To all who long for Christ’s fullness,
Grant perseverance and patience,
That we may announce by our lives
The good news of your kin-dom.

Fourth Sunday of Advent Opening Remarks by Sonja Grace:

Sonja Grace is author of Garlands from ashes – healing from clergy abuse, (a collection of healing journeys told by 18 courageous women and men in New Zeland), published 1996.

Where is the Cosmic Christ being born today, in our time?”

Our holy womb is where the soul of the incoming child or idea, like a seed is invited to gestate. In the depths of winter, when nature is still and quiet, it is a special time for retreating inwards, descending within to listen to the cosmic feminine Christ residing deep within our womb/heart.

As we reflect on Mary, let us consider the young pregnant mothers today in Palestine. The women who have lost their homes, their land, are living in tents made of plastic sheets which don’t keep out the rain, snow, or the biting, cold winds. The recent heavy rains have meant their tent is awash with mud. The baby clothes have been ruined, the recently bought nappies, baby formula and what remains of food are now all unusable. Still the divine feminine force insists on giving birth to new life.

One might ask, Why?

These people, who have lost hope in a never ending war, say we are now just bodies without souls. For them, a new life brings joy, brings the blessing of love in a place, surrounded by devastation. For those who have lost so much, what is most important for them remains their family and God. Where love is, there is God.
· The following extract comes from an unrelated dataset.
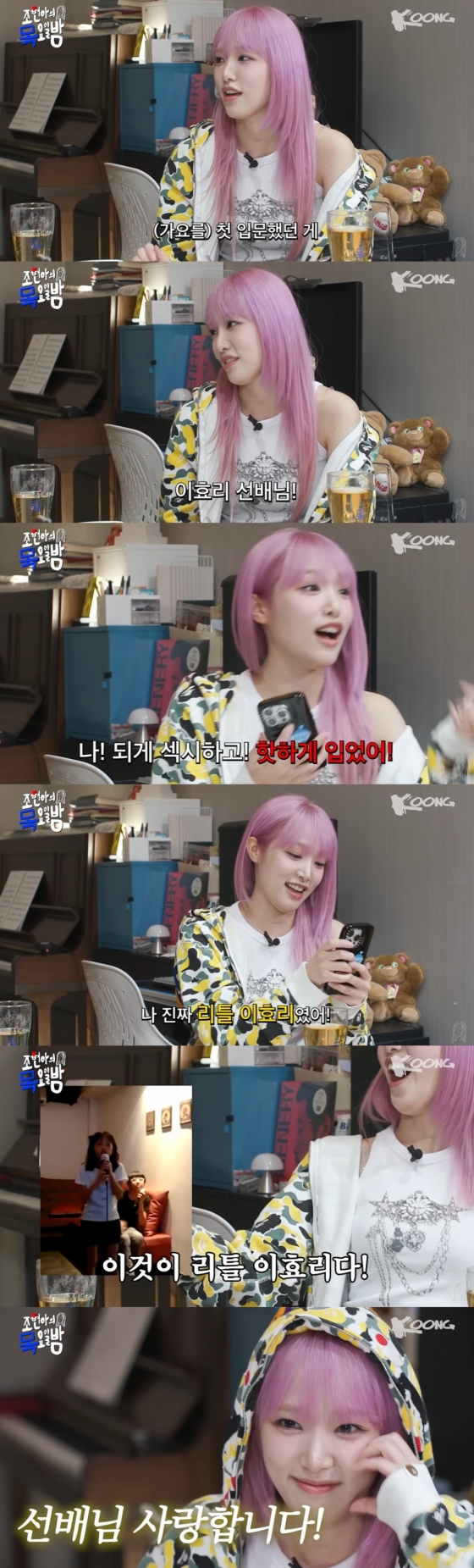 이어 최예나는 "애기 때 다들 동요 듣지 않나. 난 달랐다. 난 K팝을 들었다. 나 되게 섹시하고 핫하게 입었다"라며 자신을 '리틀 이효리'라고 불렀다.

I can reflect on my own life. When I was pregnant for the first time, I was not married, because the Church refused to marry us.  I had just left an abusive relationship and was dossing down with various friends. And yet, despite everything, I bore a healthy girl. At the time I was riddled with guilt, it felt wrong to be blessed with a living baby, when I had not much materially to offer. A woman who had everything, a home, a nursery for the baby to be, a supportive husband. She finally managed to carry a baby to full term. Yet, it was born dead. She was devastated. I asked God, Why me? Why have I been blessed and not her?

I can only say, giving birth taught me how to be a mother and how to love. It was to be another twenty five years before my father freely hugged me. Children teach those of us who have never known love, how to love so that we may freely share our love with others.
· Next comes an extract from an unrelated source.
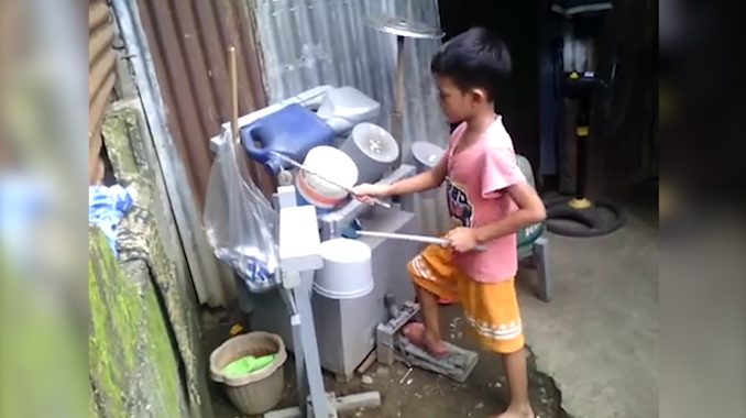 Bambino suona la batteria composta da secchi e contenitori di plastica: il talento è davvero straordinario

When the feminine Christ emerges, it is not just about giving birth to children, it is also about giving birth to new ideas, new creations – be it with the written word in a poem, a story, planting a garden, composing music, singing a new song. The love of Christ shines through us in the darkest of times. The divine feminine love is strong, it is powerful, it is courageous and creative. It brings blessings to many.

Through acknowledging the sanctity of our holy wombs let us transmit love, peace and justice through all of our creations out into our world, instead of violence and trauma.
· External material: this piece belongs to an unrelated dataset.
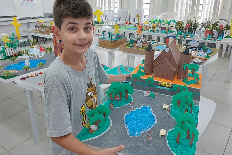 Orgulhoso do seu trabalho estava o garoto Arthur Vicente Correa Kretzmann, de 10 anos, que reproduziu a Catedral São João Batista e a Praça Getúlio Vargas. “É um dos lugares mais bonitos de Santa Cruz, e gosto de ir lá com minha família. O que aprendi com este trabalho não vou mais esquecer”, disse.
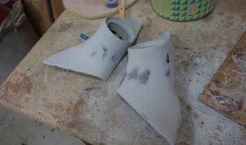 DEH-P01のパネル制作!パテ成形終わって仮付けこのあと下処理してスプレーパテぶっかけます!おもいっきりかけてますので垂れてます(笑)ここから丹念に磨き塗装、寒すぎて水は固まりますがパテはなかなか固まりません(;一_一)…

For me, I have found the Cosmic Christ in prison inmates, and in the homeless living on the streets of our cities.

I would like to end with sharing a song, Lost my Job. I wrote this song to capture the words of one woman living on the streets. I’d like us to imagine the word “wine“ standing for love?

Lost my job,
Couldn’t pay the rent,
Thrown out onto the streets, in the city.
Welcome angel into my home without walls?
My  home without walls.

Refrain: Dreaming, dreaming of turning water into wine.
Dreaming, dreaming of turning water into wine.

Enough to feed the whole wide world.

Refrain:

There’d be no more hunger.
Everyone be smilin’.

Refrain:

Fourth Sunday of Advent Opening Prayer:

Eternal God,
In the evolution of the cosmos,
In the words of scripture,
And in the prophetic dreams of your people,
You promise your abiding presence with us.
Through the holy womb of woman,
The Divine is born into our world.
Fill us with your Divine Life in every circumstance,
That we may learn from you the way of Love.